- Born: 1870
- Died: unknown
- Occupation: Nurse, Author
- Education: New England Hospital for Women and Children
- Subject: African American Literature
- Notable works: Bernice, The Octoroon, Ave Maria: A Tale

= Marie Louise Burgess-Ware =

Marie Louise Burgess-Ware was an author of African-American literature, primarily on biracial people in both nonfiction and fiction.

== Life and career ==
Little is known about Marie Louise Burgess-Ware. She achieved further success in her writing career after appearing in Colored Magazine in 1903 with her fictional story "Bernice, The Octoroon".

== Known works ==

=== Nursing writings ===
Found in the Women's Era writings of 1894, Burgess-Ware contributed several pieces of work on nursing including:

- "The Nursing of Sick Children", June 1894
- "Notes on Nursing", July 1894
- "The Dixie Hospital and Hampton Training School for Nurses", August 1894
- "A Night Watch", September 1894
- "Typhoid Fever", September 1894
- African American Literature

=== Short stories ===

==== Ave Maria: A Tale. ====
Burgess-Ware was the author of "Ave Maria: A Tale," a short story written in 1895. The story focuses on Marguerite Earle, a faithful Catholic woman described as having blue eyes and "soft brown ringlets". The main plot of the story is the conflict Marguerite has when she falls in love with a man named Ronald Ives, who does not share her same religious beliefs as a Presbyterian. Marguerite decides to focus on her nursing career, and wills away the love she has for Ronald, but her feelings persist. It is revealed that Ronald is later married to a woman named Corrine Payne and has a child with her as Marguerite ends up being the nurse tasked with keeping the child alive. The child dies, but first Marguerite makes sure to bless it, as it was never baptized. They part ways once again, but Ronald is convinced by Corrine to be baptized, to which Marguerite ends up being present for. In the end, the two never reconcile, and Marguerite dies. The last scene pans to Ronald with gray hair weeping over her grave.

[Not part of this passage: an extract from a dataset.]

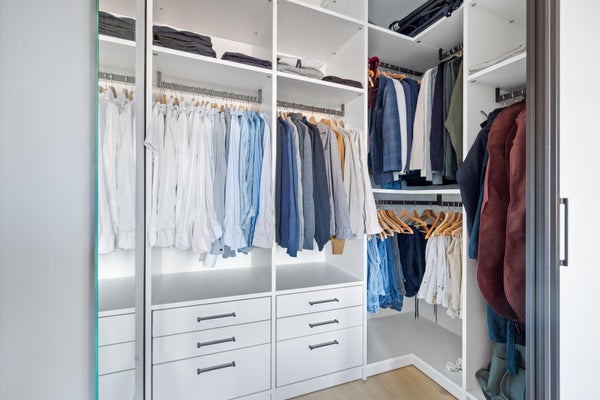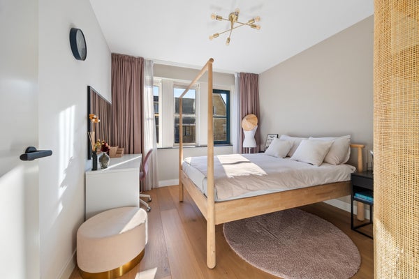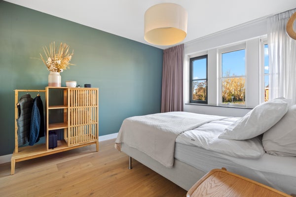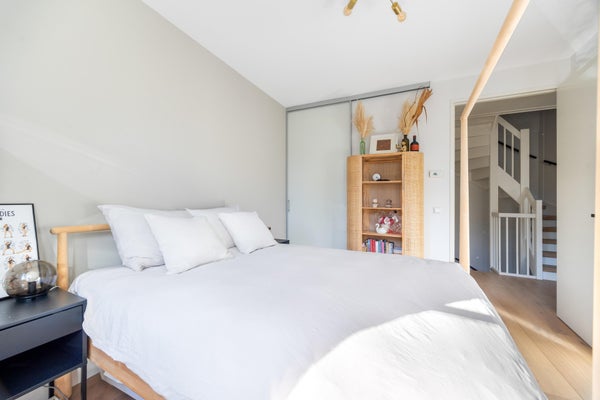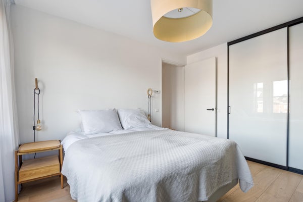 De master bedroom aan de achterzijde beschikt over een eigen walk-in-closet. Ook op deze verdieping ligt een massief eiken vloer met per kamer regelbare vloerverwarming.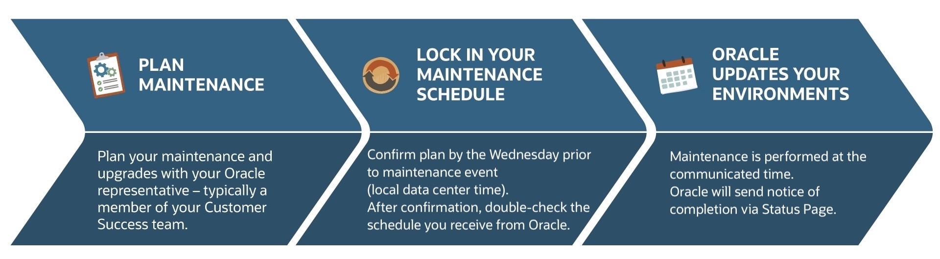 Prior to maintenance, your Oracle representative, typically a member of your Customer Success team, is available to review your maintenance plan with you. You’ll need to actively participate in the scheduling process by completing the following steps before each maintenance event:

==== "Bernice, the Octoroon" ====
Burgess-Ware's African American literature is primarily based on the concept of the "tragic mulatta". The only piece of work written on race known by Burgess-Ware is "Bernice, the Octoroon". The story was published in Colored American Magazine volume six in 1903. It focuses on a wealthy woman (Bernice) discovering that she is in fact one-eighth black. Bernice is blonde-haired girl with blue eyes and comes from a wealthy family. She is living a privileged life and is engaged to her beloved fiancé Garret Purnello. Bernice is sympathetic towards African Americans and treats them with kindness, however, once Bernice discovers her ancestry, she becomes distressed. She knows that she can no longer continuing living her life as a white woman. Bernice is deeply saddened because she feels that her engagement will end once Garret discovers her ancestry; however, it turns out that Garrett, too, is one-eighth black. The two get married and Bernice ends up teaching at a school for black children. Burgess-Ware's work is influenced by that of George Eliot and that authors work The Spanish Gypsy . Both this work and "Bernice, the Octoroon" were published in Colored American Magazine and feature protagonists that are unaware that they are biracial, and thus live in white society. This work has been described as a racial uplift narrative, and an embodiment of the transracial movement. In addition to being printed in Colored American Magazine, this short story has been reprinted in Short Fiction by Black Women, 1900-1920 edited by Elizabeth Ammons. This book compiles the work of Burgess-Ware and other black women writing short fiction in this time period. "Bernice, the Octoroon" is the only work by Burgess-Ware to appear in this collection of stories.